Although an American citizen, he remains an Indian at heart. His mother Nirmala Banerjee, in a television interview following the prize, declared: “He is very much an Indian in every sense. He was very reluctant to change his
citizenship.”

In fact, her son’s association with India, far from fading after moving to the United States, only seems to have deepened. His focus over the years seems to have moved away from highly mathematical work to seeking solutions to alleviate poverty in his country of origin and other parts of the developing world.

He first came in contact with his future wife in 1990 when he supervised her Ph.D. which was on the link between education and higher wages in a developing country like Indonesia. Subsequently, the two worked together on several research projects, including in India. He was in fact her guide during her first field trip to India in 1997.

Dr Duflo, described as a left-of-centre French intellectual, and Dr Banerjee, an India-born liberal, appear to have bonded over several trips to India and other developing countries. In 2003, Dr Banerjee, Dr Duflo and Sendhil Mullainathan founded the Abdul Latif Jameel Poverty Action Lab at MIT with the aim of “transforming how the world approaches the challenges of global poverty”.

This work led to the couple co-authoring a much-discussed book in 2011 titled Poor Economics; on their experiments in combating poverty in the developing world. A lot of the work involved testing accepted approaches to poverty alleviation and discovering new insights into the process through actual field studies.

This collaboration had two results: one, an enduring insight into the problems of poverty, and the other a personal relationship that culminated in their marriage in 2015. The Nobel Prize in a sense was an acknowledgement of the success of their relationship, particularly of their path-breaking work.

“This year’s laureates have introduced a new approach to obtaining reliable answers about the best ways to fight global poverty”; the Nobel Prize jury declared, adding: “The three found efficient ways of combatting poverty by breaking down difficult issues into smaller, more manageable questions, which can then be answered through field experiments… They have shown that these smaller, more precise, questions are often best answered via carefully designed experiments among the people who are most affected.”

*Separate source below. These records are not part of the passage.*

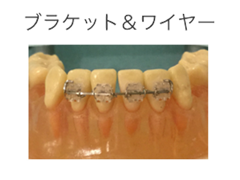 着脱式では、各種プレート装置やマウスピース、固定式では、ブラケットとワイヤーの装置を使用します。
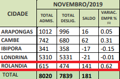 De acordo com o Cadastro Geral de Empregados e Desempregados (CAGED), o emprego formal no Brasil apresentou expansão em Novembro de 2019 e Rolândia liderou o quesito na Região Metropolitana de Londrina - com 141 novos postos de trabalho. O...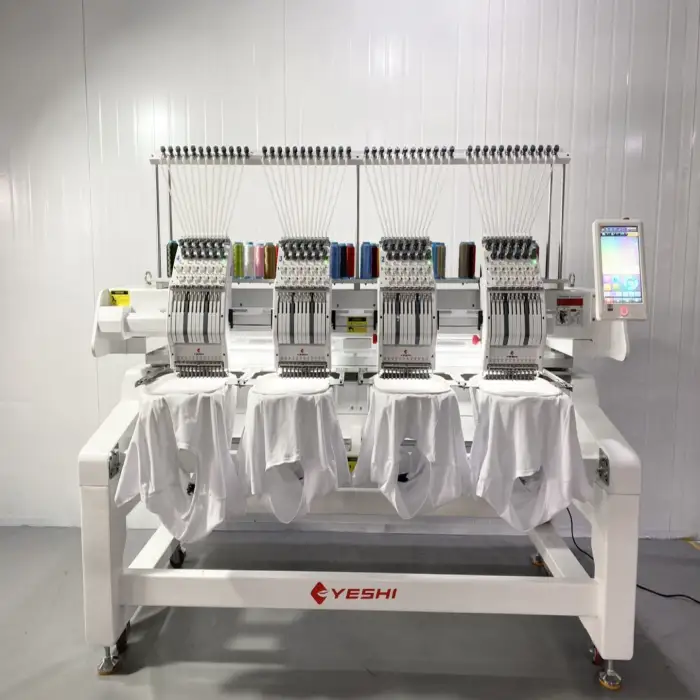 The Yeshai 4 Heads 12 Needle Embroidery Machine has a maximum stitch speed of up to 1000 stitches per minute.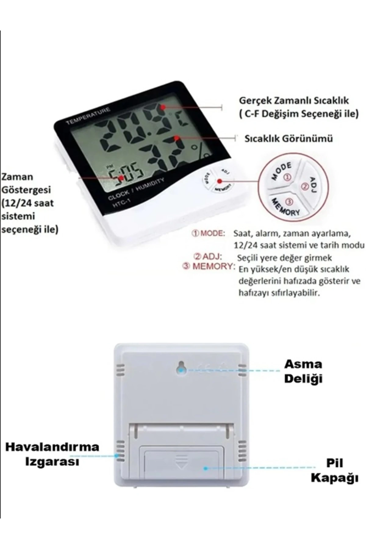 Kolay okunabilirlik için LCD ekran özelliği ile sıcaklık ve nem değerlerini net bir şekilde görüntüler; Ortam termometre ve nem ölçer olarak tasarlanmış, evinizin veya ofisinizin konforunu kontrol altında tutmanıza yardımcı olur; Dijital termometre hava nem ölçer, HTC; 1 Tempature, evinizin veya ofisinizin sıcaklık ve nem seviyelerini ölçerek ideal bir ortam sağlar;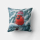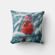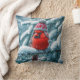 Een levendige rode kardinaal met een gebreid pet zit bovenop een met sneeuw bedekte groenblijvende tak, omringd door zachtjes vallende sneeuwvlokken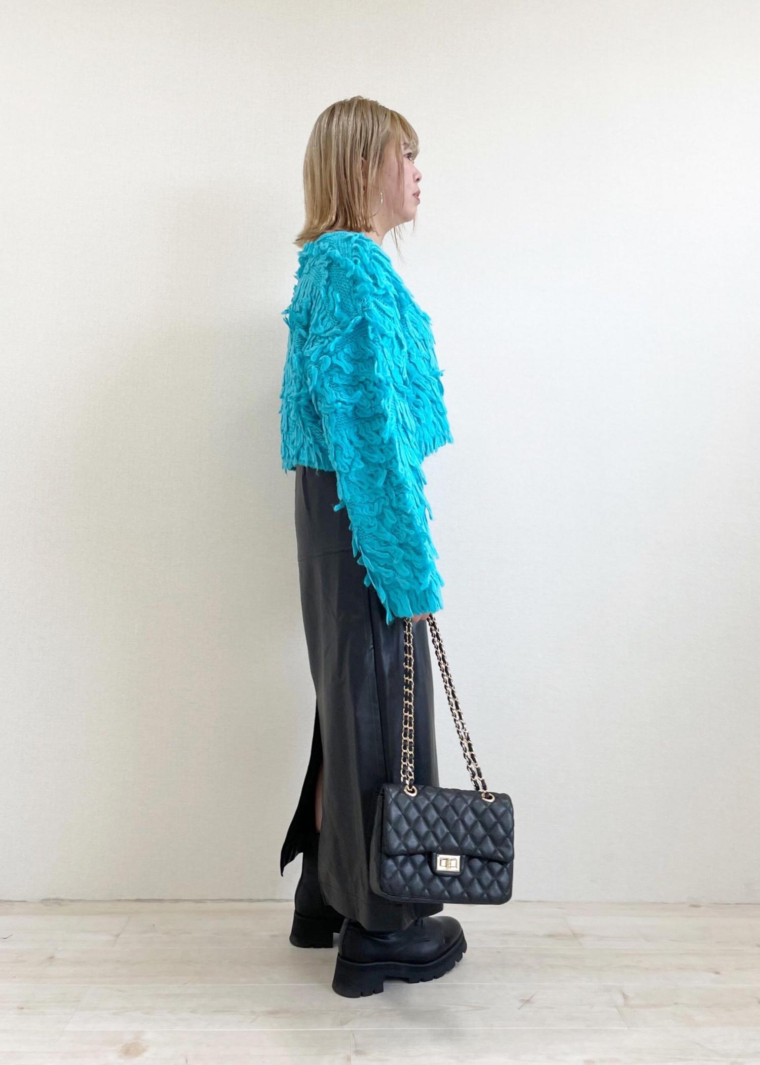 アウトレットVISループフリンジハート釦カーディガンターコイズ / F¥2,637レビューループフリンジが今年らしいデザイン。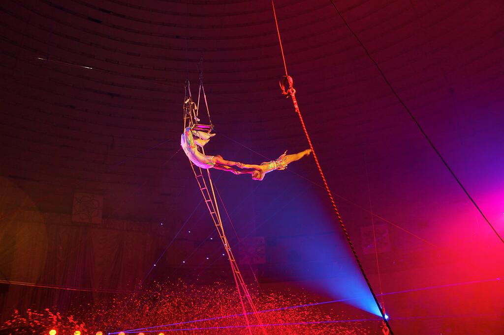 Viele der Artistinnen und Artisten sind ukrainische Meister in Sportakrobatik, Eiskunstlauf, Kunstturnen oder Trampolinspringen. Die jüngste ist 22 Jahre alt und Ballerina, die älteste ist 46, sagt Direktor Dmytro Trunov. Der Kiewer Nationalzirkus, der ursprünglich ein stationärer Zirkus war, entwickelte nach dem russischen Überfall auf die Ukraine eine Wandershow (das Zelt hat Platz für rund 850 Zuschauer jeden Alters). Seit Anfang 2025 hat Waterland seinen Sitz in Polen.
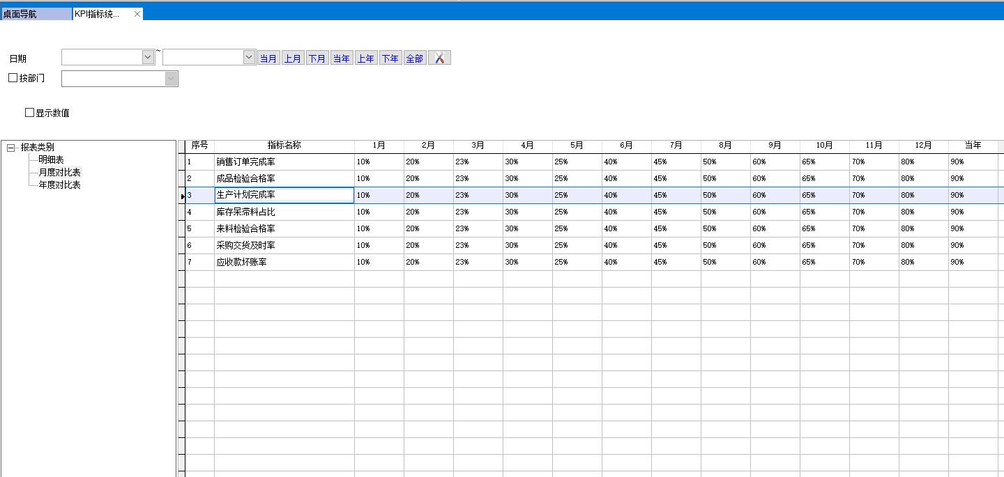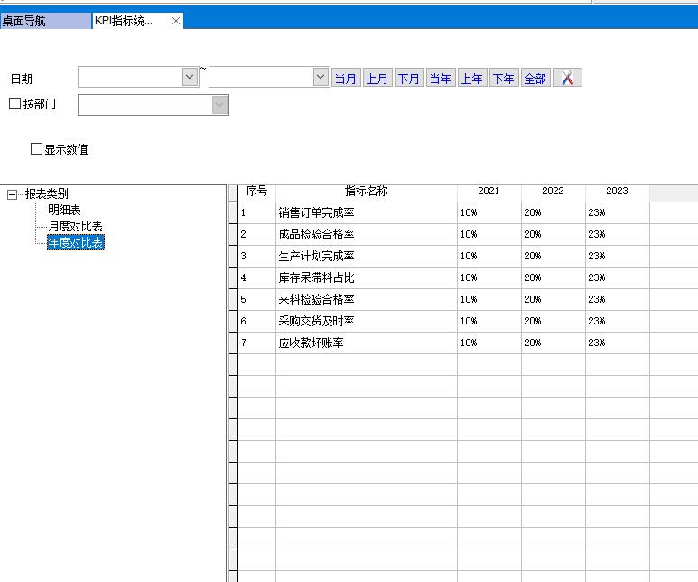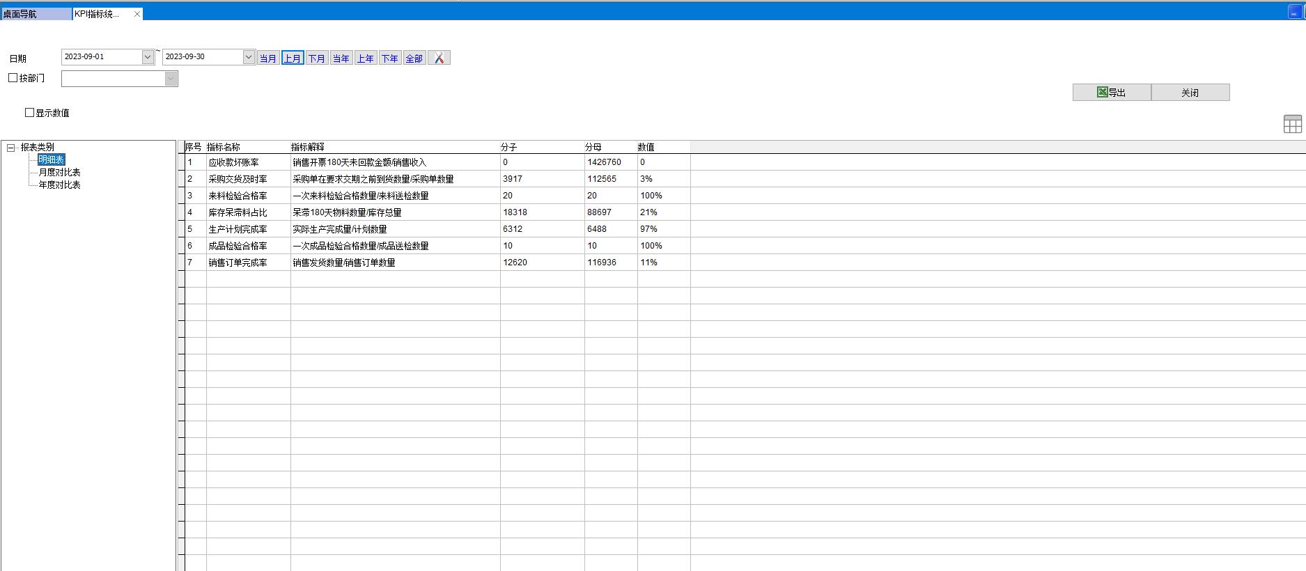 大多數企業實施ERP系統存在重建設、輕評估的問題。對ERP系統實施的效果多是定性評價,比如實現了信息共享、順利上線使用等。 本文介紹在ERP系統中設置KPI指標對ERP系統的實施效果進行定量分析,并能夠按月進行統計以便持續改進KIP指標。

Dr Banerjee never took his eyes off India and his insights were not restricted to poverty alone. When he was invited to speak at the 2015 ET Global Business Summit, he minced no words in pointing out that our “financial sector, our banking sector is broken like nobody’s business, more broken than it has ever been, in my view, and in that form, I do feel that we are in, I think, the people who need the money in infrastructure sector are massively in debt… The bad news is that even if people came to us with tonnes of money to lend, I do not think we are in a position to borrow… we do not have the kind of equity that we should have had. One of the consequences of that is that the last four years, a very large number of infrastructure and power companies that are on paper probably still not bankrupt are, in effect, I think, bankrupt. That is our fundamental problem, unless we solve that problem, all the capital sloshing around is not going to go anywhere.”

He had prophesied that a huge bailout of the banking sector would be needed and that the danger lay in doing too little or being too conservative. Four years down the line, little has changed. Corporate debt has only risen and the term “non-performing assets”, or NPAs, of banks has become common parlance.

He has also been critical of the Narendra Modi government’s economic policies, particularly demonetisation and GST implementation. Sadly, neither his advice on macro-economic issues nor his research on poverty will find any official takers in his country of origin. On the other hand, millions of Indians would perhaps now be inspired to read his work and maybe find inspiration for the future.